Past or Present – use of the wrong verb tense
Example or Complete List – use of “i.e.” and “e.g.”
Law or Liberty – confusing statute with statue
Proper Punctuation: Periods and Commas Inside Quotation Marks
Proper Punctuation: Apostrophes

Barbara presents this addition to the Consequences of Sloppiness:

In a famous case in England, a traffic ticket was thrown out because it was issued for illegal “stoping” instead of “stopping”; the alleged perpetrator had conducted no mining activities (“stoping” is a mining term) and so was found not guilty. I bet that police officer never issued another “stoping” ticket.

Barbara also offers to help:

There are multiple ways to make writing errors in legal documents, and I have only covered a few. My most important advice is to proofread and proofread again! Get a second pair of eyes to check your work. If you have grammar questions you want answered, I will answer them to the best of my ability in the comments section of this blog. I look forward to hearing from you…

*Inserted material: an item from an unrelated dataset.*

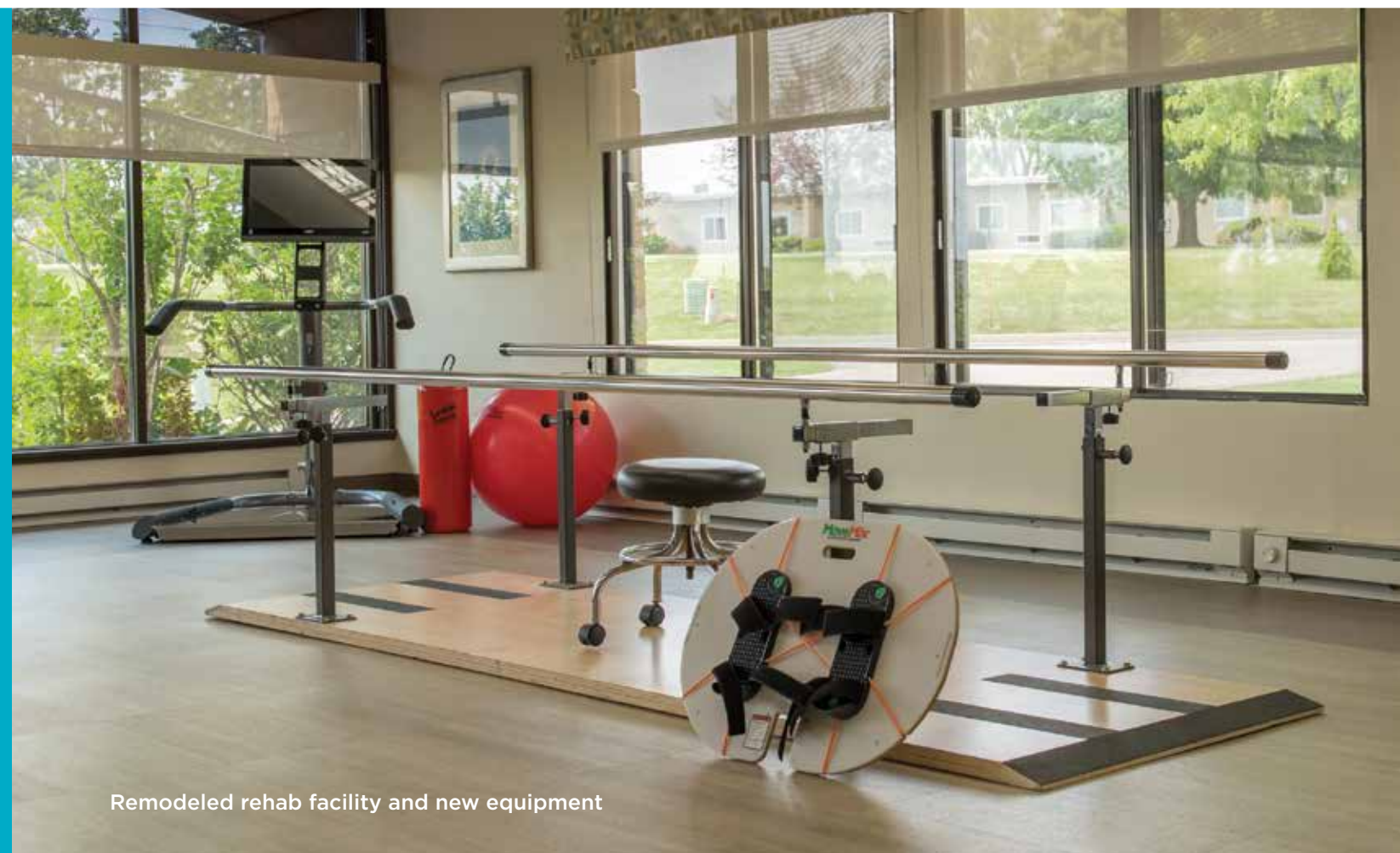
Remodeled rehab facility and new equipment

I suggest we all take her up on her offer. I know I will.

Judge Hit by Emoticon!!!!

Tuesday, February 2nd, 2010

That isn’t even close to true and I’m surprised you bought into it. However, it will, I hope, draw some attention to this follow-up to my post on an attorney’s advice for using emoticons, or email in general, for communication. This time the advice is from a judge. As reported by ABAJournal

Judge Gerald Lebovits has some opinions about the propriety of exclamation points and emoticons in e-mails.

Basically you should “Lose the emoticons. They don’t convey meaning in a professional setting.It is always nice to see a judge, even if he is not on the Supreme Court, agree with me. He expresses those opinions in 60 foot notes in an article first published in the New York State Bar Association Journal! The footnotes also discuss the use of exclamation points!!

• Exclamation points have their place. They can show enthusiasm and human warmth. Writing “Congratulations!” is expressive, while “Congratulations” may sound apathetic or sarcastic. But don’t use exclamation points after expressing a negative emotion—it’s the same as throwing a tantrum.

You can find the full NYBA Journal article here.